[Task goal]: The lines below, from the one holding "過年了 !孩子們吃什么?這是" through the one holding "- 충주댐 인증센터는", are to be restated word for word, with all images left out.

[Dataset records]
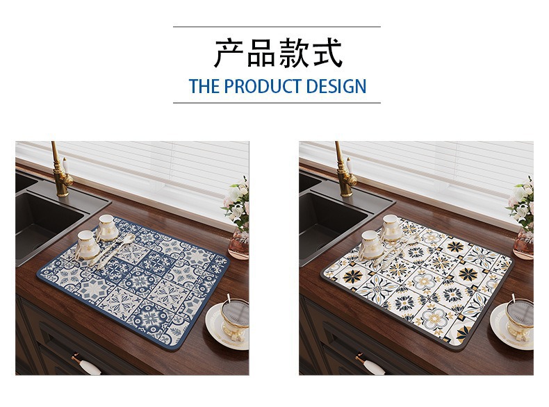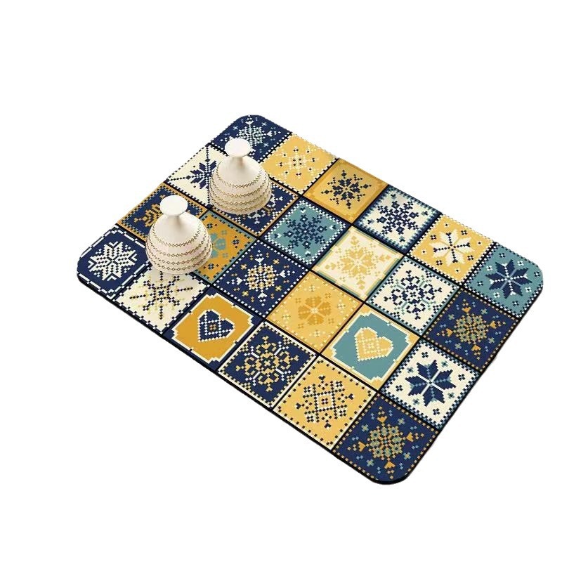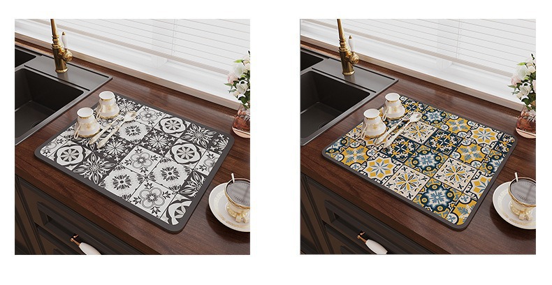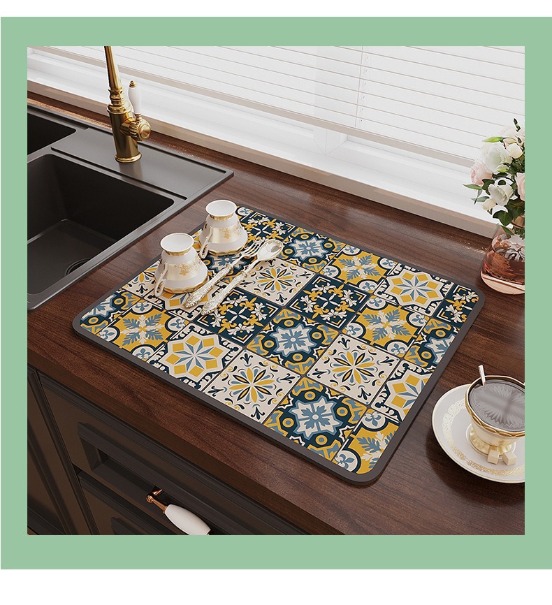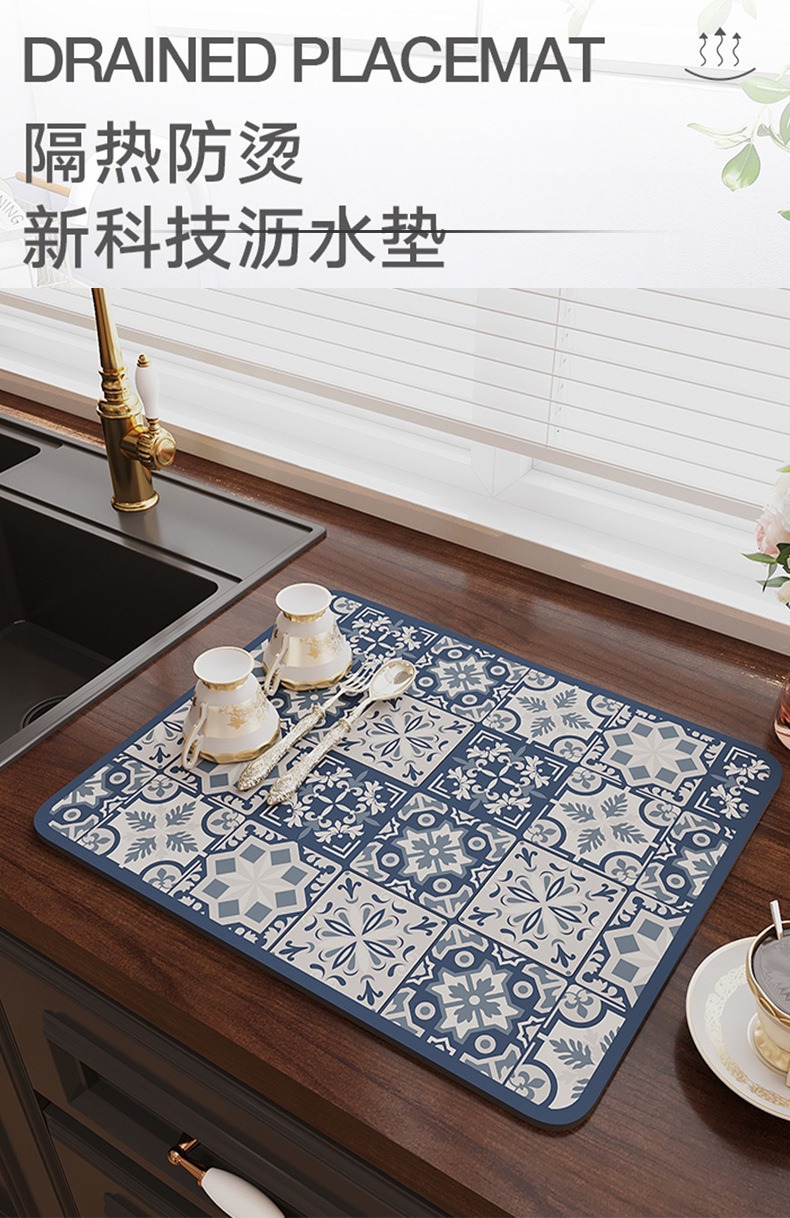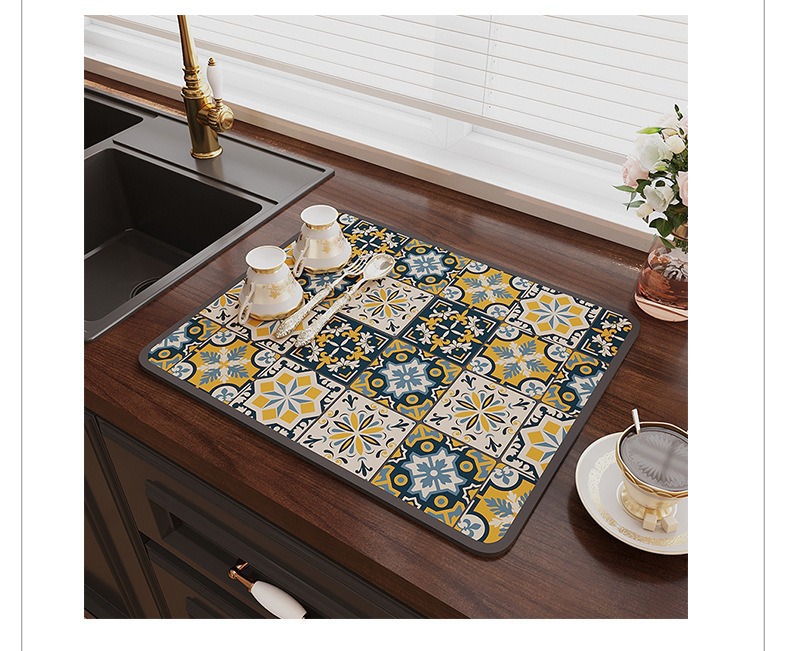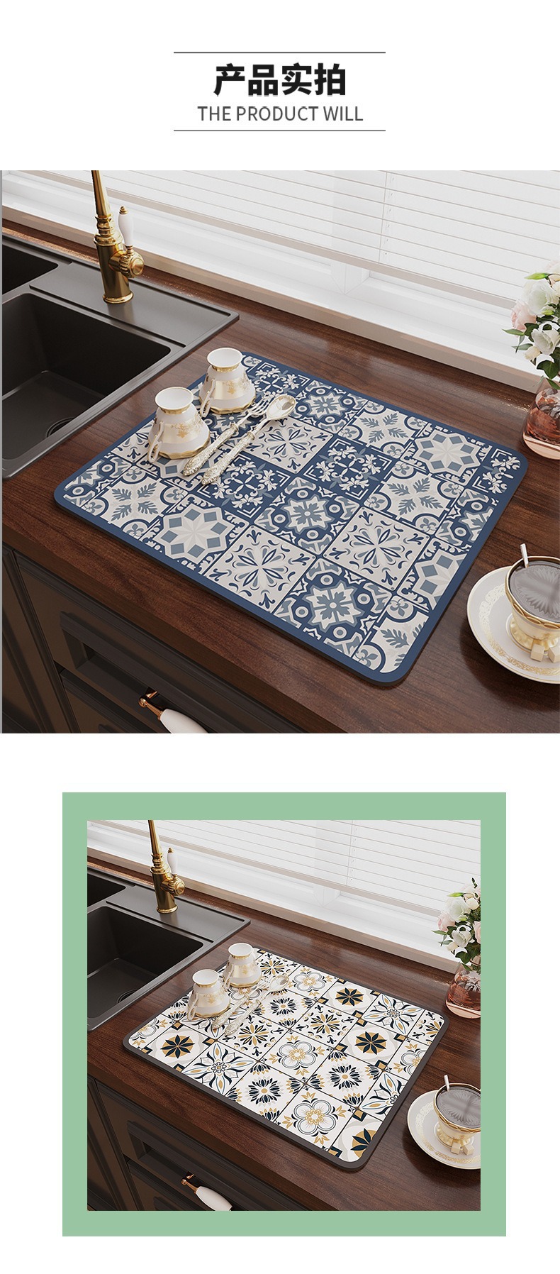 목가적 인 주방 배수 매트 테이블 탑 흡수성 빠른 건조 Diatom Mud 티 컵 매트 보울 및 젓가락 물 제어 세척 가능한 데스크탑 단열 매트
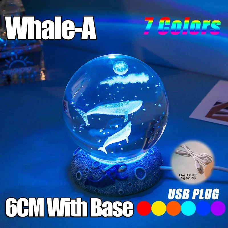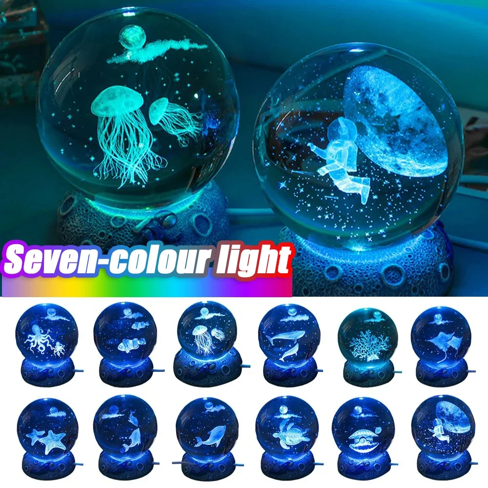 מנורת לילה כדור קריסטל – מדוזות זוהרות, אסטרונאוט ועיצוב ימי קסום!
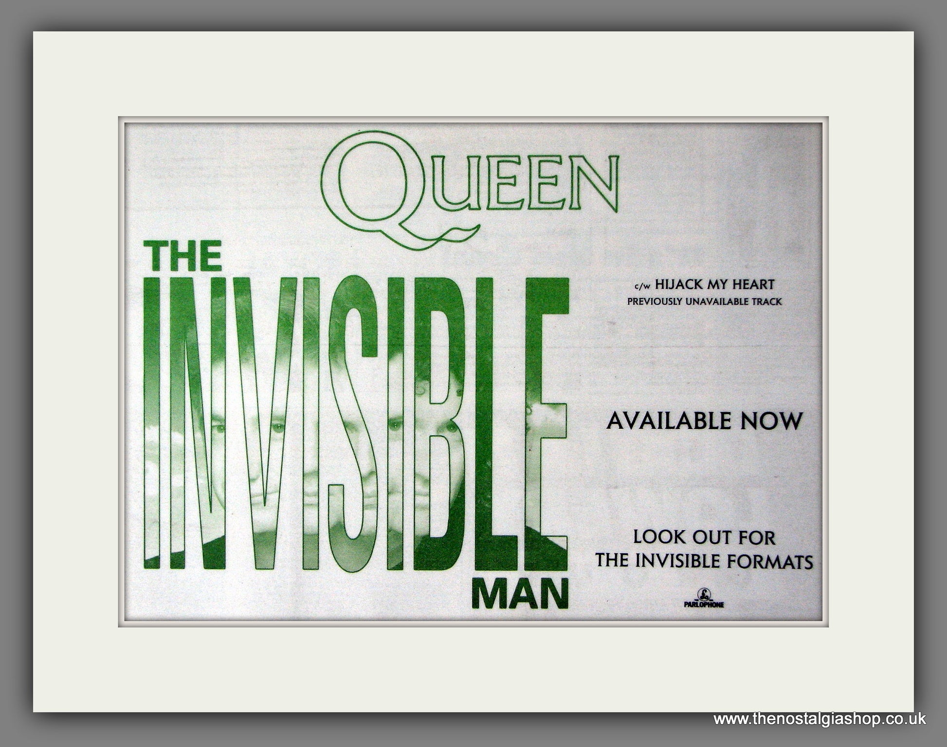 Queen. The Invisible Man. Vintage Advert. Classic original advert 1989. Presented in cream bevel cut mount with backing card and display bag. Ready to fit in 14 x 11 inch frame. Want it framing? If so, buy this then go to Frames Available Category. Click to buy on the suitable frame and we will do the rest. All our adverts, unless clearly stated are Originals from the date shown. They make excellent pieces of wall art and stunning gifts. Many are rare and hard to find and once sold, may not be replaced. Remember you are buying a piece of history. Website watermark is not on original.
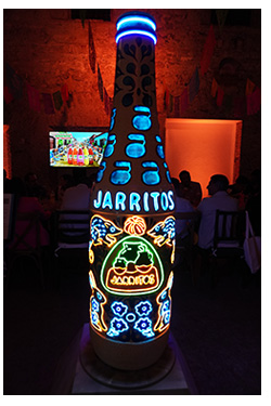 Uno de los elementos más emblemáticos de la celebración son las botellas monumentales de Jarritos, de 1.5 metros de altura, intervenidas por artesanos de distintas regiones del país. Cada botella fue decorada con técnicas tradicionales como la talavera poblana, el arte huichol, los alebrijes, tenango y la cartonería, en colaboración con colectivos de artesanos.
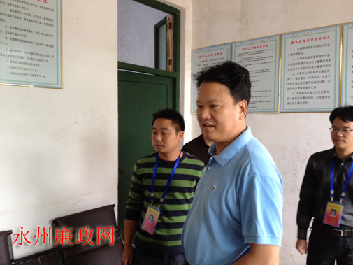 图为市纪委副书记、监察局长许洋名察看乡镇纪委监察室的办公设施
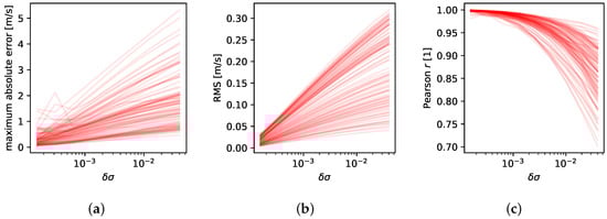 The velocity field of the surface (or first) sigma layer of run 10, that is, the experiment with was used as the reference value, or true value, and is denoted in the following. With this reference value, a numerical convergence study was performed to demonstrate satisfactory convergence of the model result. Figure 12, shows a convergence of the Pearson r and RMS error below ms for , which is acceptable.
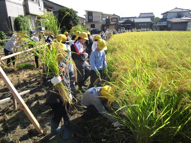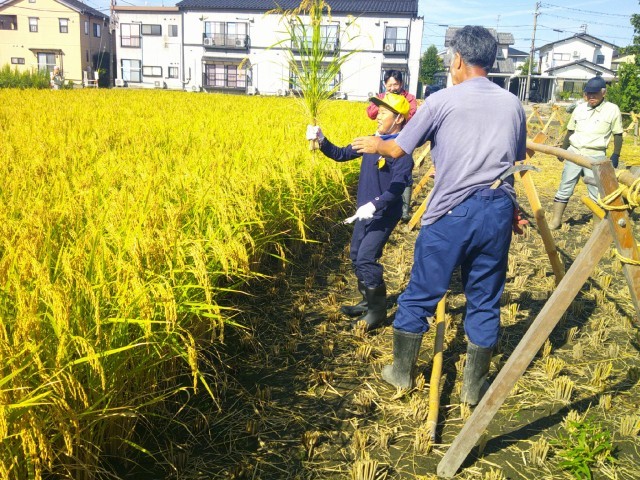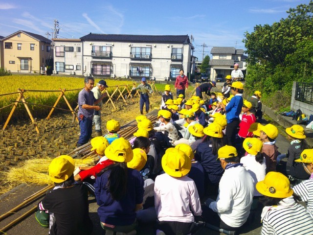 子供たちは稲刈りの仕方の説明を聞いた後、二人ペアになって、稲を刈る役と稲を束にして近くに置く役とに分かれて作業を行いました。
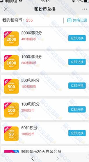 2.抽到的500MB到账后是变成和粉币 使用和粉币兑换1000积分 1000积分兑换10元话费
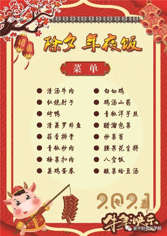 過年了 !孩子們吃什么?這是學校領導幾天來一直思考的問題。經過與學校營養師、食堂廚師們多次商議后,本著營養、健康、不浪費,又要保證孩子每餐都能吃上新鮮可口的飯菜,終于議定了菜單,現予以公布。祝孩子們新年快樂!祝全體家長萬事如意!
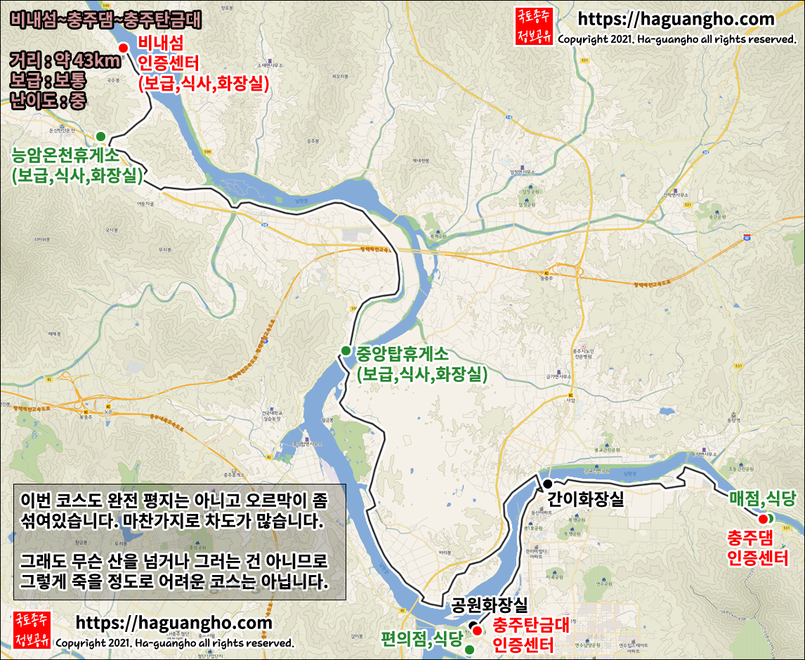 - 충주댐 인증센터는 국토종주에 들어가지 않습니다. 다만, 한강종주에 포함이 되므로 그랜드 슬램을 노리는 분이라면 반드시 들러서 도장을 찍어주세요. 개발자 개인의 의견으로는 '나는 안 할거야' 라고 생각하셨다가 나중에 후회하지 마시고 그냥 무조건 찍기를 권합니다. 한 시간 정도 돌아간다고 해서 뭐 어떻게 안 됩니다.
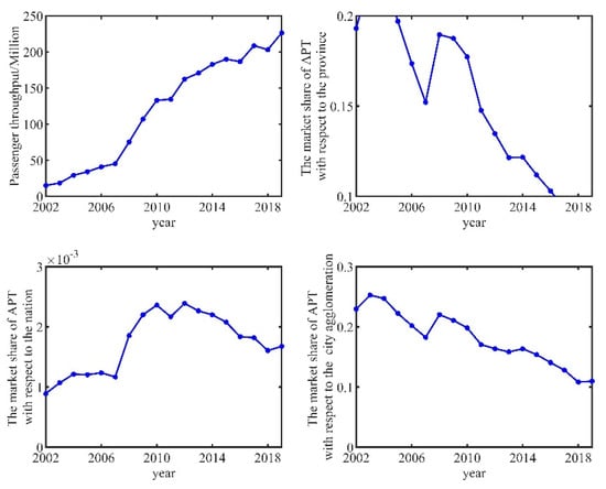 For all 203 airports, each airport is located in a city without other airports except in the cities of Beijing, Shanghai and Chengdu, which means that for most of the airports, the market shares of the airports are the same as the market shares of the cities when using the market share method. The market share methods can be used to calculate the APT of airports accounting for the province’s market share, the APT of airports accounting for the nation’s market share, as well as the APT of airports accounting for the city agglomeration’s market share. Since the 19 city agglomerations in China only cover 121 airports, the corresponding method is suitable for 121 airports. The market shares are fitted by using the time series models and the evaluating results are shown in Table 12.

[Task output]:
 過年了 !孩子們吃什么?這是學校領導幾天來一直思考的問題。經過與學校營養師、食堂廚師們多次商議后,本著營養、健康、不浪費,又要保證孩子每餐都能吃上新鮮可口的飯菜,終于議定了菜單,現予以公布。祝孩子們新年快樂!祝全體家長萬事如意!
 - 충주댐 인증센터는 국토종주에 들어가지 않습니다. 다만, 한강종주에 포함이 되므로 그랜드 슬램을 노리는 분이라면 반드시 들러서 도장을 찍어주세요. 개발자 개인의 의견으로는 '나는 안 할거야' 라고 생각하셨다가 나중에 후회하지 마시고 그냥 무조건 찍기를 권합니다. 한 시간 정도 돌아간다고 해서 뭐 어떻게 안 됩니다.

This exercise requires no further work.